Items listed in a dataset
..............................
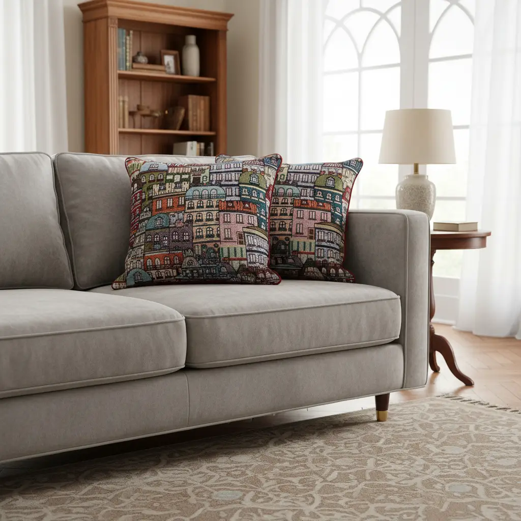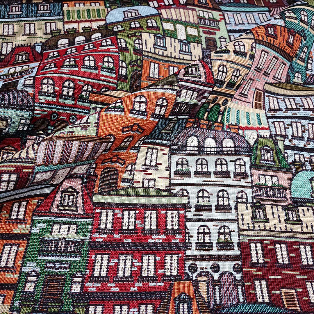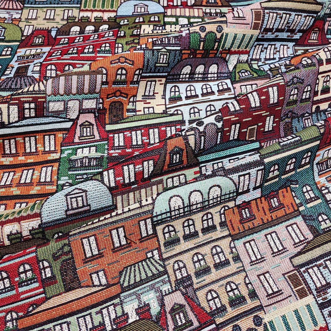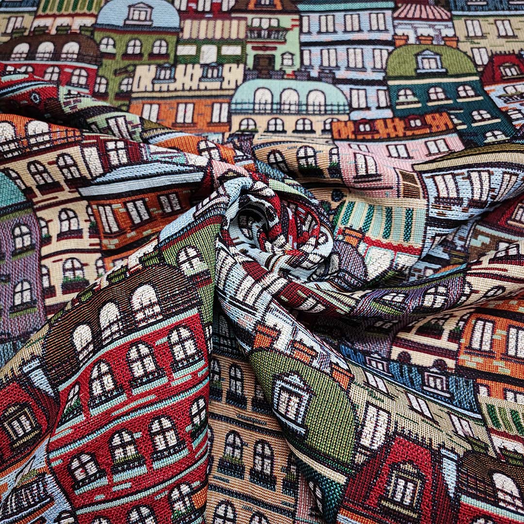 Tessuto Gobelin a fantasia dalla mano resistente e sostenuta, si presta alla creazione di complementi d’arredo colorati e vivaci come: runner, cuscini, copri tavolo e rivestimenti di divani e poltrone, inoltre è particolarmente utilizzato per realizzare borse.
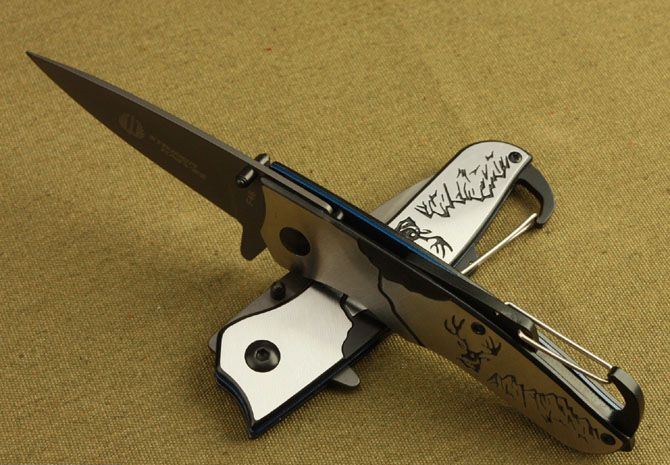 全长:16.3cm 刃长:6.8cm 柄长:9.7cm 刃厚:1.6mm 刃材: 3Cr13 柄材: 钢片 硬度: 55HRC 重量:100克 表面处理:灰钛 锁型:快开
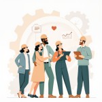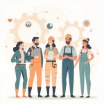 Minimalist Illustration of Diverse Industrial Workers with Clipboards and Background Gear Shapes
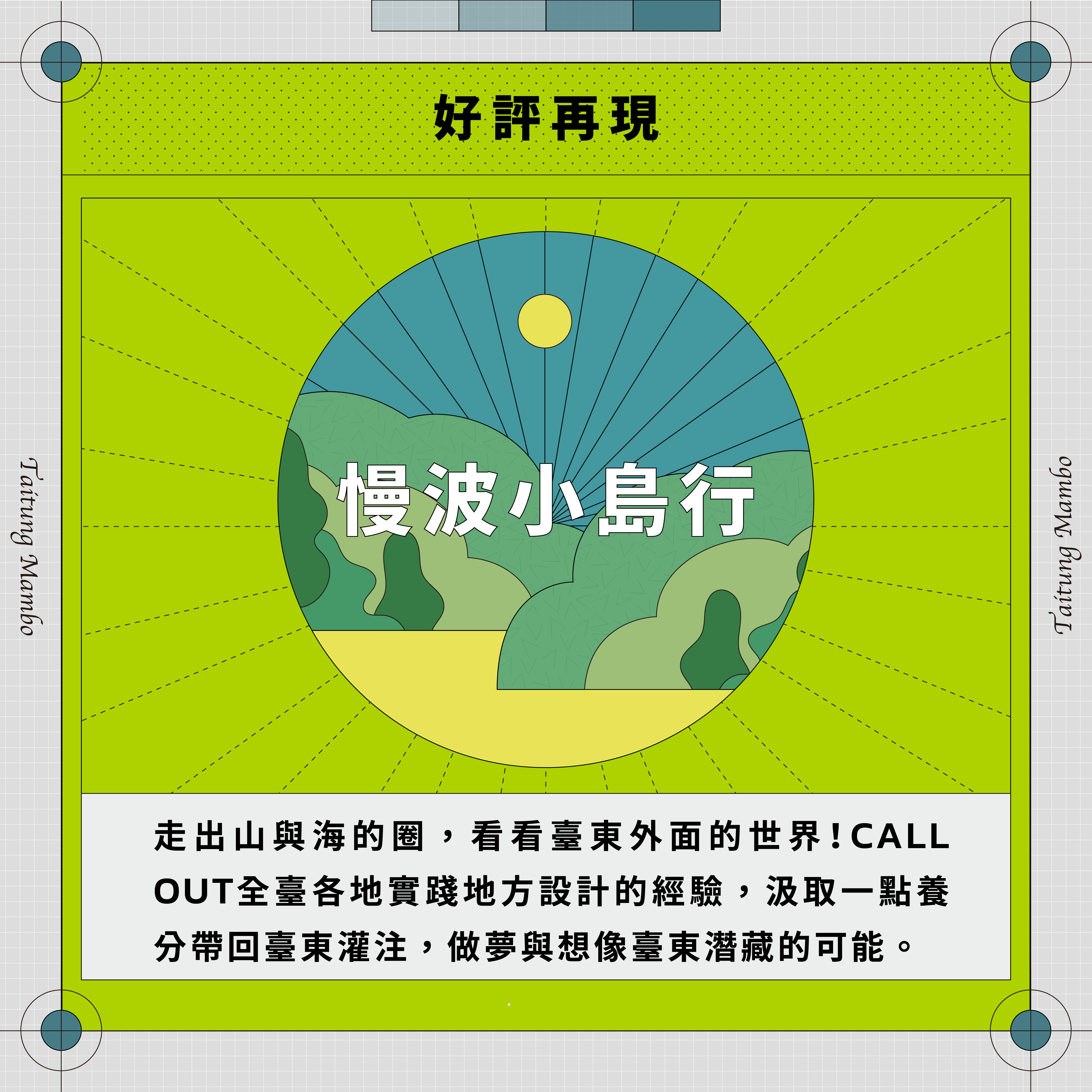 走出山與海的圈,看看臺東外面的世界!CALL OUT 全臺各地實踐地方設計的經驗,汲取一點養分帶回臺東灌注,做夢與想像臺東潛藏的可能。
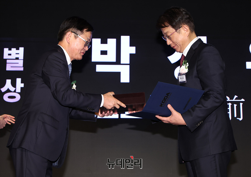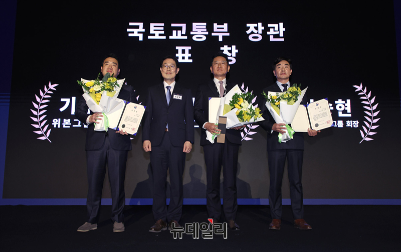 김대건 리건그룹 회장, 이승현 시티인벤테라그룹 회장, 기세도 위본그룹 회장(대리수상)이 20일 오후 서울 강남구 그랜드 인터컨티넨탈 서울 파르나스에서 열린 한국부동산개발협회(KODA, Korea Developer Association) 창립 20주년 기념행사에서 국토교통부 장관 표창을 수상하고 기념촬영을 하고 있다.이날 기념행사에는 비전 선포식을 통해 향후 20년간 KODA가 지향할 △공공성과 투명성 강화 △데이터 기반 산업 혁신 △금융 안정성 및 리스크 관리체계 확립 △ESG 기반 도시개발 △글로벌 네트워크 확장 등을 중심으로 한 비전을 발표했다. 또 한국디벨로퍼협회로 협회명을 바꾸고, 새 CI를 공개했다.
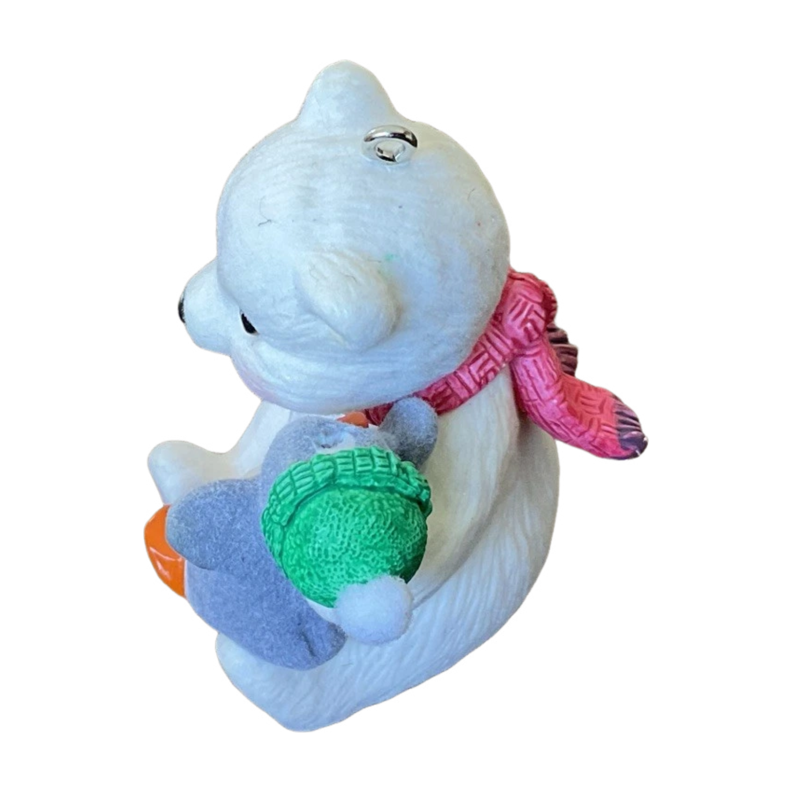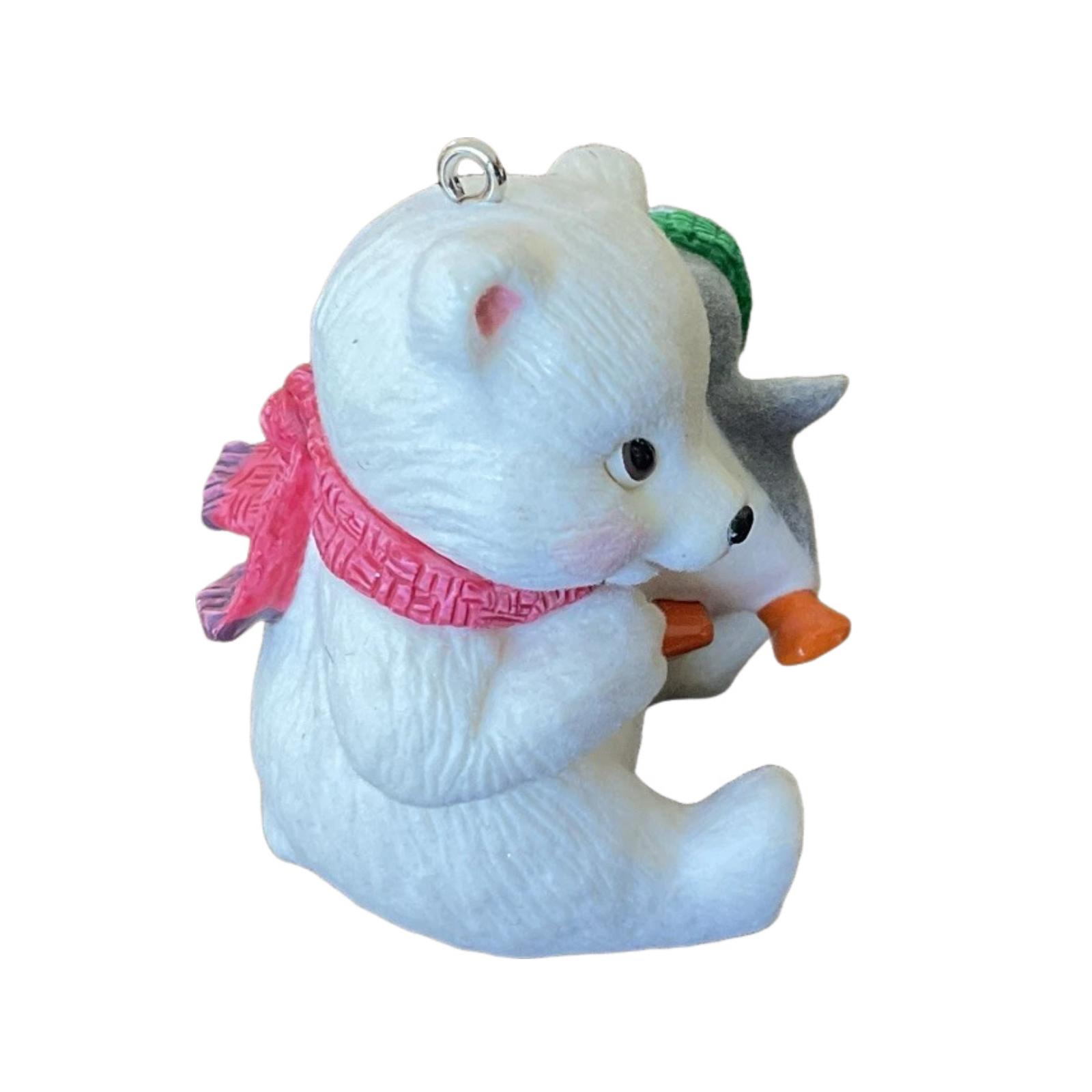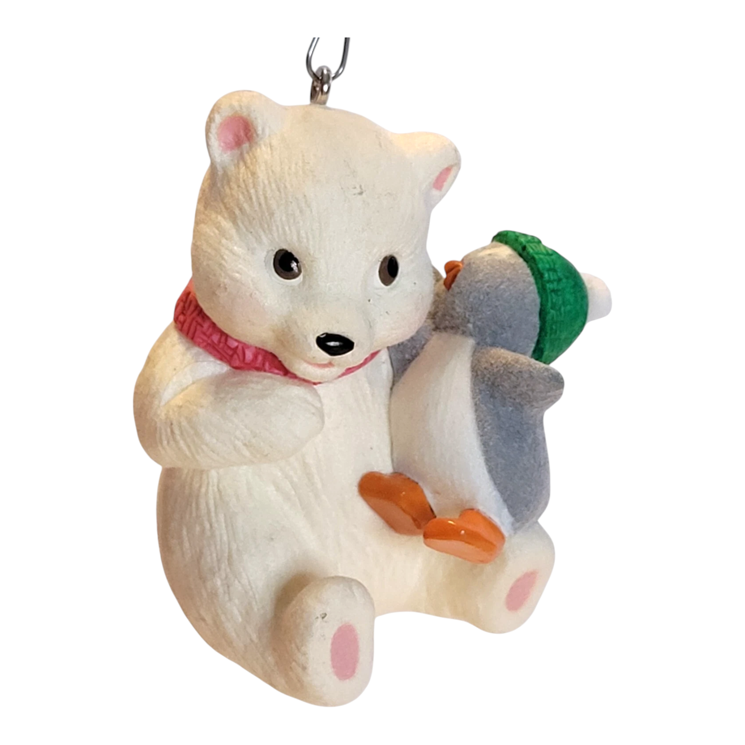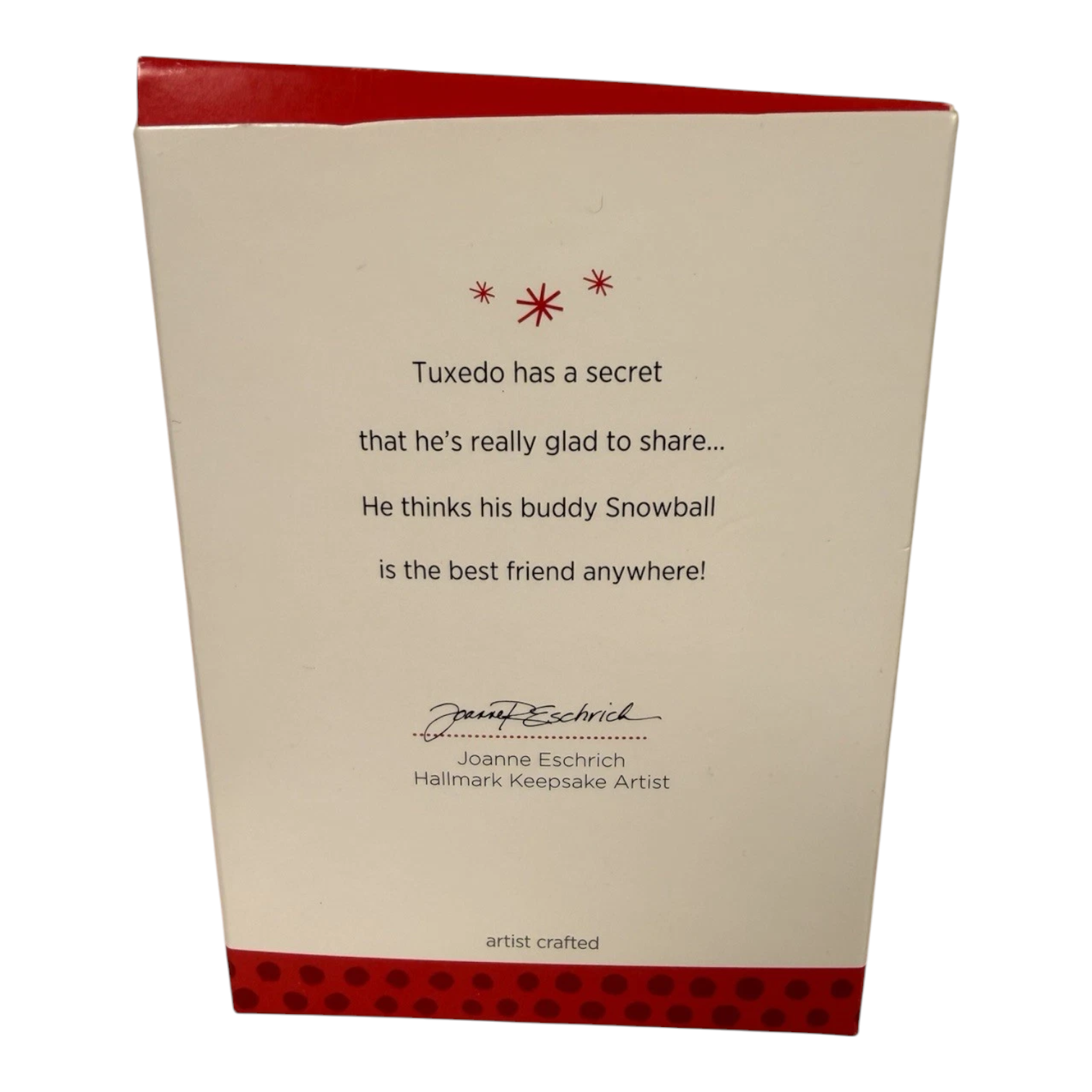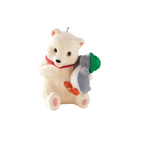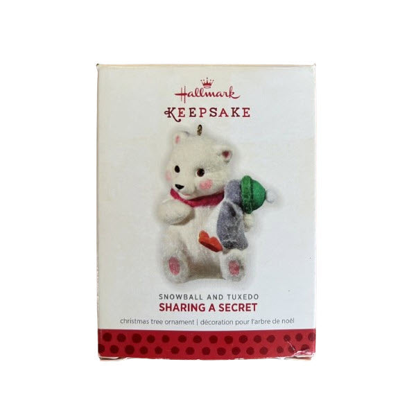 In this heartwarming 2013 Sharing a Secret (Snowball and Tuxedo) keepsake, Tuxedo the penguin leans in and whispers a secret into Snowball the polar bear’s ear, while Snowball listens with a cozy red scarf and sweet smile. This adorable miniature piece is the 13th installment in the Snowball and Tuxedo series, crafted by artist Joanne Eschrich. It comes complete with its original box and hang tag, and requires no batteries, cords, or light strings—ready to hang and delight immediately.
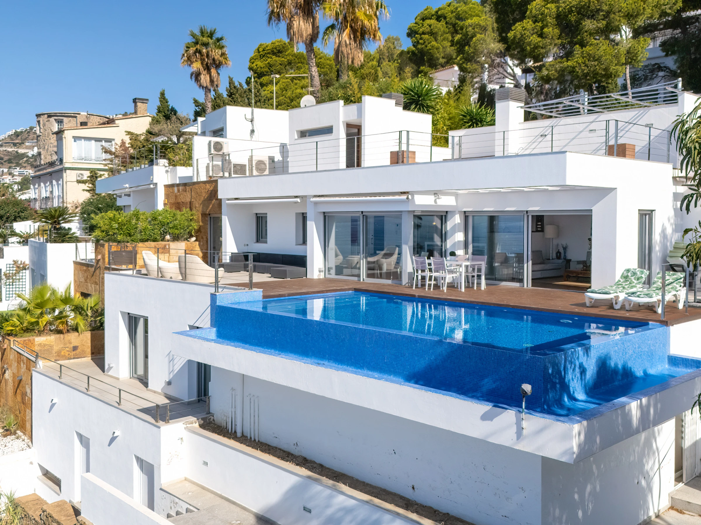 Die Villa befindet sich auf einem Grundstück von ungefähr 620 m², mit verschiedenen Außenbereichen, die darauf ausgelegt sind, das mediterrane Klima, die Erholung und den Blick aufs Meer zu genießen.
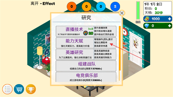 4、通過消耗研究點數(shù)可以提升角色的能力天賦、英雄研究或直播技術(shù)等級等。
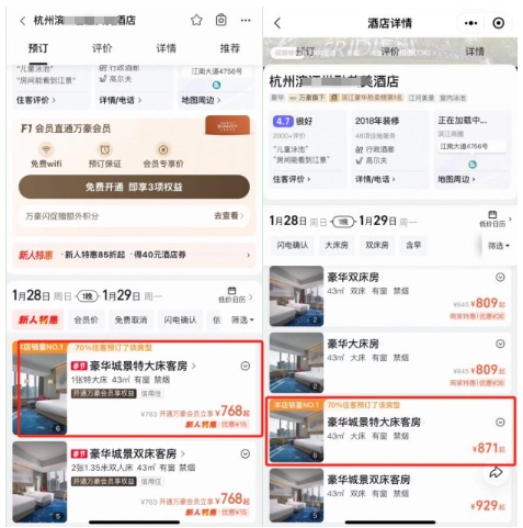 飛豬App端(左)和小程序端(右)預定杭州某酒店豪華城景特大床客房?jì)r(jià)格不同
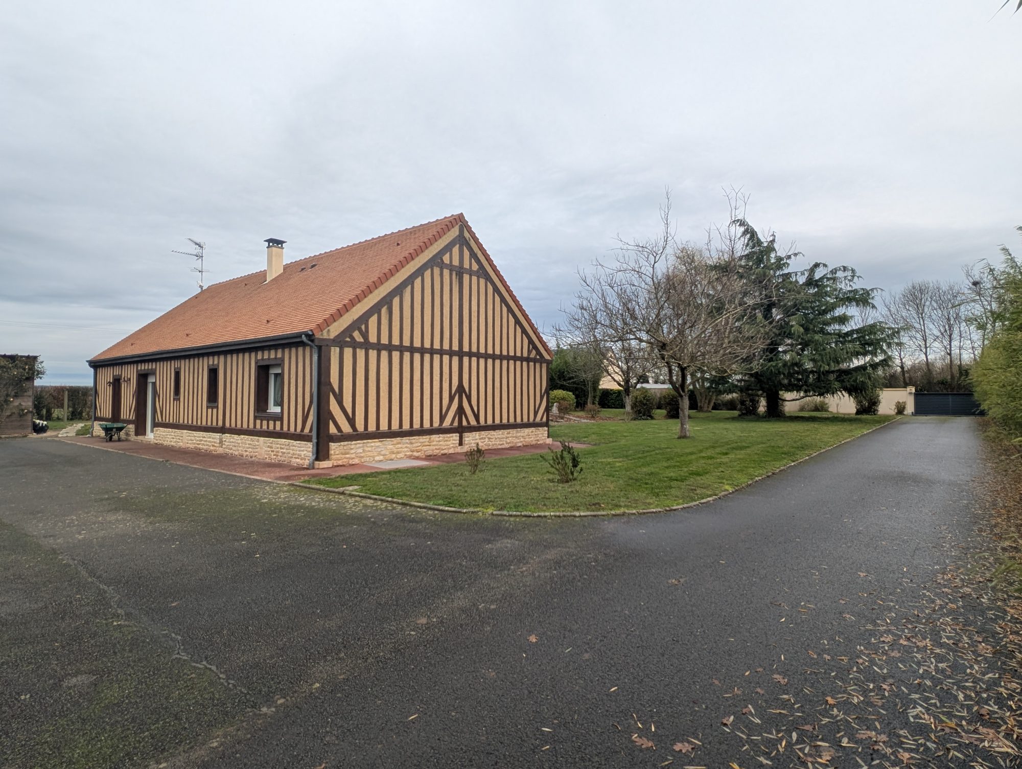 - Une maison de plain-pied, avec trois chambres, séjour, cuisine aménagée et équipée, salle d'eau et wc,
..............................
▸ **What the task requires**
Reproduce every record exactly; images stay out.

▸ **Solution to the exercise**
 Tessuto Gobelin a fantasia dalla mano resistente e sostenuta, si presta alla creazione di complementi d’arredo colorati e vivaci come: runner, cuscini, copri tavolo e rivestimenti di divani e poltrone, inoltre è particolarmente utilizzato per realizzare borse.
 全长:16.3cm 刃长:6.8cm 柄长:9.7cm 刃厚:1.6mm 刃材: 3Cr13 柄材: 钢片 硬度: 55HRC 重量:100克 表面处理:灰钛 锁型:快开
 Minimalist Illustration of Diverse Industrial Workers with Clipboards and Background Gear Shapes
 走出山與海的圈,看看臺東外面的世界!CALL OUT 全臺各地實踐地方設計的經驗,汲取一點養分帶回臺東灌注,做夢與想像臺東潛藏的可能。
 김대건 리건그룹 회장, 이승현 시티인벤테라그룹 회장, 기세도 위본그룹 회장(대리수상)이 20일 오후 서울 강남구 그랜드 인터컨티넨탈 서울 파르나스에서 열린 한국부동산개발협회(KODA, Korea Developer Association) 창립 20주년 기념행사에서 국토교통부 장관 표창을 수상하고 기념촬영을 하고 있다.이날 기념행사에는 비전 선포식을 통해 향후 20년간 KODA가 지향할 △공공성과 투명성 강화 △데이터 기반 산업 혁신 △금융 안정성 및 리스크 관리체계 확립 △ESG 기반 도시개발 △글로벌 네트워크 확장 등을 중심으로 한 비전을 발표했다. 또 한국디벨로퍼협회로 협회명을 바꾸고, 새 CI를 공개했다.
 In this heartwarming 2013 Sharing a Secret (Snowball and Tuxedo) keepsake, Tuxedo the penguin leans in and whispers a secret into Snowball the polar bear’s ear, while Snowball listens with a cozy red scarf and sweet smile. This adorable miniature piece is the 13th installment in the Snowball and Tuxedo series, crafted by artist Joanne Eschrich. It comes complete with its original box and hang tag, and requires no batteries, cords, or light strings—ready to hang and delight immediately.
 Die Villa befindet sich auf einem Grundstück von ungefähr 620 m², mit verschiedenen Außenbereichen, die darauf ausgelegt sind, das mediterrane Klima, die Erholung und den Blick aufs Meer zu genießen.
 4、通過消耗研究點數(shù)可以提升角色的能力天賦、英雄研究或直播技術(shù)等級等。
 飛豬App端(左)和小程序端(右)預定杭州某酒店豪華城景特大床客房?jì)r(jià)格不同
 - Une maison de plain-pied, avec trois chambres, séjour, cuisine aménagée et équipée, salle d'eau et wc,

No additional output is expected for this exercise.